FILM 1574: BROOKLYN
TRIVIA: John Crowley divided the
movie into three different visual movements. The first movement is before Eilis
leaves post-war Ireland and is with tight frames and filled with green tones.
The color scheme was created by photographic reference of the time. The second
movement begins when Eilis leaves for Brooklyn and the first proper wide shot
is featured, while the colors become more playful as a nod to how America in
1952 was on the cusp of pop culture kicking off. The third movement is back in
Ireland, brighter, more glamour and "subtly more colorful" than the
first movement.
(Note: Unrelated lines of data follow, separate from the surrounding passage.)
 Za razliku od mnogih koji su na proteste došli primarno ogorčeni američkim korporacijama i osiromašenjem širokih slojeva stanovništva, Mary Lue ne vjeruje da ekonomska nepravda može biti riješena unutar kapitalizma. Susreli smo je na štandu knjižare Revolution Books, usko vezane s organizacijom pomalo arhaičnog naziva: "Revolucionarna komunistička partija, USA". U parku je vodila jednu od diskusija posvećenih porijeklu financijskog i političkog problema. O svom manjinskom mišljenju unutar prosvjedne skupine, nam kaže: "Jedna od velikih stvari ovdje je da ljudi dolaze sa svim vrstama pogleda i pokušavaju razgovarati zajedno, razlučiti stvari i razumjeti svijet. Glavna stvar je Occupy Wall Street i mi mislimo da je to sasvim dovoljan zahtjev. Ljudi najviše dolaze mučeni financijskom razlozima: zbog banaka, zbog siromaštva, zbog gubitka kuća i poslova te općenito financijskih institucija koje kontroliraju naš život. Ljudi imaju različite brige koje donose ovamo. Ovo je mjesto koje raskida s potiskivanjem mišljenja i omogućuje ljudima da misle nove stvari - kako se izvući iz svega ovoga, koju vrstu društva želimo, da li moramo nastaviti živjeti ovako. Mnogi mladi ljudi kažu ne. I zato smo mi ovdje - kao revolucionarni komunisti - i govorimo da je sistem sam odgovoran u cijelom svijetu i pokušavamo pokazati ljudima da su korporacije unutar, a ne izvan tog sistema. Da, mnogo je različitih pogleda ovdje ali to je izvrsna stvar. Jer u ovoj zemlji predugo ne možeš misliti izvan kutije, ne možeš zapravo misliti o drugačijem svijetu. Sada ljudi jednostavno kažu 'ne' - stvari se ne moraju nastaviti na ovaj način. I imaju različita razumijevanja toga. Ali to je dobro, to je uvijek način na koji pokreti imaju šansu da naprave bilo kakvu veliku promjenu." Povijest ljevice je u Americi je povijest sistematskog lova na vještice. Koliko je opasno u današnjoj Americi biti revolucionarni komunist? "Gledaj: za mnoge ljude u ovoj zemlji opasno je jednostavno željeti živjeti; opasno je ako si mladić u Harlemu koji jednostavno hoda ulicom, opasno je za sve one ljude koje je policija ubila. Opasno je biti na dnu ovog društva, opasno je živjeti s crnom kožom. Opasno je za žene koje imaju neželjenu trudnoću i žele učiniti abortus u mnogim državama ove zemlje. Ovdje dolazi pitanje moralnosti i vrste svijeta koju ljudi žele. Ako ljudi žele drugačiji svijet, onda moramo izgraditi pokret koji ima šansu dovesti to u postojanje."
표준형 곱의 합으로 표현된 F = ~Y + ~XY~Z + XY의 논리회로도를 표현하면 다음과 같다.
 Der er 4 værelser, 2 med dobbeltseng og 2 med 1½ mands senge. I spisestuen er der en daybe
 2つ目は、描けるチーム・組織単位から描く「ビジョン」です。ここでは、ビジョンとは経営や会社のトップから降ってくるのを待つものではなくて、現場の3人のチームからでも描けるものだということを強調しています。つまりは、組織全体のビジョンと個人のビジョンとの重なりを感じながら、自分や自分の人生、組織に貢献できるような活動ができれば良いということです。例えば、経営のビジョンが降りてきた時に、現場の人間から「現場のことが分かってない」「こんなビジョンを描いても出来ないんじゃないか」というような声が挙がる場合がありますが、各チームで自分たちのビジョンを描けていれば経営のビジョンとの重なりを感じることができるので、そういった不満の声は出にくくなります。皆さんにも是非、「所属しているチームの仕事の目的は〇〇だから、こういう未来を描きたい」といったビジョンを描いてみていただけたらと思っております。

Crowley wanted to showcase Eilis has changed and looks very
different: "There is a slight dreamy quality to that last third," he
says.
The city of Brooklyn in the film
was actually shot in Montreal for budgeting reasons, as the production was
unable to turn 2015 Brooklyn back to 1950s Brooklyn. Only two days of
production were spent in Brooklyn, one in order to create the brownstone exterior
shots and a second to film at Coney Island.
Saoirse Ronan herself was
born in The Bronx, New York, but raised in Ireland to Irish parents. She
considers 'Brooklyn' to be one of her most personal films and it marks the
first time she plays an Irish character in a film. (In The Grand Budapest Hotel
(2014) she spoke with an Irish accent but played a citizen of a generic
fictitious European country.) In an interview with David Poland she expressed
her concern with taking the role:"I felt like I can't mess this up,
because all of Ireland will be watching. I felt a huge responsibility to the
country to really capture what the story was." However, she said the warm
reception at the Sundance Film Festival made her realize the universal essence
of the film.
While this is Saoirse Ronan's first time
using her native Irish accent, the dialect of her character differs from the
one she uses in reality. In this film, she uses a Wexford accent, as her
character is from Enniscorthy, while she speaks with a Dublin accent in her
private life.
Irish author Colm Tóibín's idea for the
novel came from a child memory, in which he overheard a woman talk about her
young daughter's move from Enniscorthy to Brooklyn. In 2000 he wrote a short
story about this memory, but expanded it to a novel years later, after living
in United States himself, as well as teaching literary courses, where he said
he was inspired by Jane Austen's
"method of examining a single psychology, using an introspective,
sensitive heroine, some comic characters and some romance."
Saoirse Ronan received 51
award nominations for her performance.
Julie Walters claims her
character is reminiscent of her real-life aunt. John Crowley offered the
role to Walters because, among other things, he knew of her Irish descent;
"I knew Julie had an Irish mother and I had a suspicion that she would
know that woman inside out, and of course she did. She knew who she was, right
down to what her hair should look like and what she should dress like. Her
accent's impeccable and of course she's a hysterically funny actress, but here
she's doing it in a very real way. It's beautifully played."